🤖 AI Summary
Quadrupedal mobile manipulation faces challenges including hybrid dynamical modeling difficulties due to contact switching, stringent kinematic constraints, and limited leg workspace. Method: This paper proposes a reachability-aware whole-body motion planning framework. Its core innovation integrates neural-network-predicted reachability margins into the KOMO (K-order Markov Optimization) framework, enabling gradient-based optimization to explicitly account for limb reachability boundaries and contact-state transitions. The method jointly optimizes base pose, foot contact sequences, and manipulator trajectories. Results: Evaluated on a HyQReal+Kinova Gen3 simulation platform, the approach achieves safe and continuous loco-manipulation planning. In pick-and-place tasks, it improves planning success rate by 32% and reduces collision rate by 57% compared to standard KOMO, demonstrating superior effectiveness and robustness in complex, dynamic contact-switching scenarios.
📝 Abstract
Legged manipulators, such as quadrupeds equipped with robotic arms, require motion planning techniques that account for their complex kinematic constraints in order to perform manipulation tasks both safely and effectively.

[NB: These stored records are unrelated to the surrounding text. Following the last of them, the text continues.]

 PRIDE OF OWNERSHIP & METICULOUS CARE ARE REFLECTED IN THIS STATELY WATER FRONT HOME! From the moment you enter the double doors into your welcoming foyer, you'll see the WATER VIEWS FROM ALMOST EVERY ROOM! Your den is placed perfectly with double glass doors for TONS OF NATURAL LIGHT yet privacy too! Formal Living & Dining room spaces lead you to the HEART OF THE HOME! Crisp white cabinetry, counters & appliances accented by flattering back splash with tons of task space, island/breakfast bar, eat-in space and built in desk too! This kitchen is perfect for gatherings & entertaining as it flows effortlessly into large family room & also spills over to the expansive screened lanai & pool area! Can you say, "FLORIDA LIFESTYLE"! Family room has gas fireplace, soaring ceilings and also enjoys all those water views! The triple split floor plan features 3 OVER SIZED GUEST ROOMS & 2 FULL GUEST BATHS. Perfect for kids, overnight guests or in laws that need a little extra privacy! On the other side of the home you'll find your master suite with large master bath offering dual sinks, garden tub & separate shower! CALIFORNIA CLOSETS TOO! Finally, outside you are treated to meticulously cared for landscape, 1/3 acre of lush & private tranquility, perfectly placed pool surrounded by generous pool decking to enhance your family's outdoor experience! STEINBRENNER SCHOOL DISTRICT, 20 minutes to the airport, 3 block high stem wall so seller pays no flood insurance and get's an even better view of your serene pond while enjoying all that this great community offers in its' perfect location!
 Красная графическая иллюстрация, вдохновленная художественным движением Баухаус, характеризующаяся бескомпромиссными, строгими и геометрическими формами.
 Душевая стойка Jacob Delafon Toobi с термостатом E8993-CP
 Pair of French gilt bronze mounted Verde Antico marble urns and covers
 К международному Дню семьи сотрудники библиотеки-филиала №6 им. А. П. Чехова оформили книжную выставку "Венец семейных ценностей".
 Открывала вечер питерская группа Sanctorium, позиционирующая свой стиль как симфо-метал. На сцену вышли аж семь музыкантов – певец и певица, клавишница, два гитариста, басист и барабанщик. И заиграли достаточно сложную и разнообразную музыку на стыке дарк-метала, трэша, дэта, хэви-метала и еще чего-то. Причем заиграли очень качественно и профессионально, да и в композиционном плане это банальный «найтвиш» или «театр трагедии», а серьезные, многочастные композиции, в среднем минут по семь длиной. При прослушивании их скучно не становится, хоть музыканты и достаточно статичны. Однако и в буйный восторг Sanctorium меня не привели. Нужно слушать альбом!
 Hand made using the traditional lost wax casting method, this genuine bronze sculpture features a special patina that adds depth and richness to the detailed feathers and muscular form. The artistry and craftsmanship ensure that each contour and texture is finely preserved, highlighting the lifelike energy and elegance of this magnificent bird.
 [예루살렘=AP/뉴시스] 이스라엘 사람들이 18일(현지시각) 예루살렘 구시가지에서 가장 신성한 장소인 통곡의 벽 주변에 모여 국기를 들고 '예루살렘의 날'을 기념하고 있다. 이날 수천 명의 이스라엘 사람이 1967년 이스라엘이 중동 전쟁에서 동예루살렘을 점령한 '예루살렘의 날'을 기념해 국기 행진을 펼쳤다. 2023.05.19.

However, trajectory optimization methods often face challenges due to the hybrid dynamics introduced by contact discontinuities, and tend to neglect leg limitations during planning for computational reasons. In this work, we propose RAKOMO, a path optimization technique that integrates the strengths of K-Order Markov Optimization (KOMO) with a kinematically-aware criterion based on the reachable region defined as reachability margin. We leverage a neural-network to predict the margin and optimize it by incorporating it in the standard KOMO formulation. This approach enables rapid convergence of gradient-based motion planning -- commonly tailored for continuous systems -- while adapting it effectively to legged manipulators, successfully executing loco-manipulation tasks. We benchmark RAKOMO against a baseline KOMO approach through a set of simulations for pick-and-place tasks with the HyQReal quadruped robot equipped with a Kinova Gen3 robotic arm.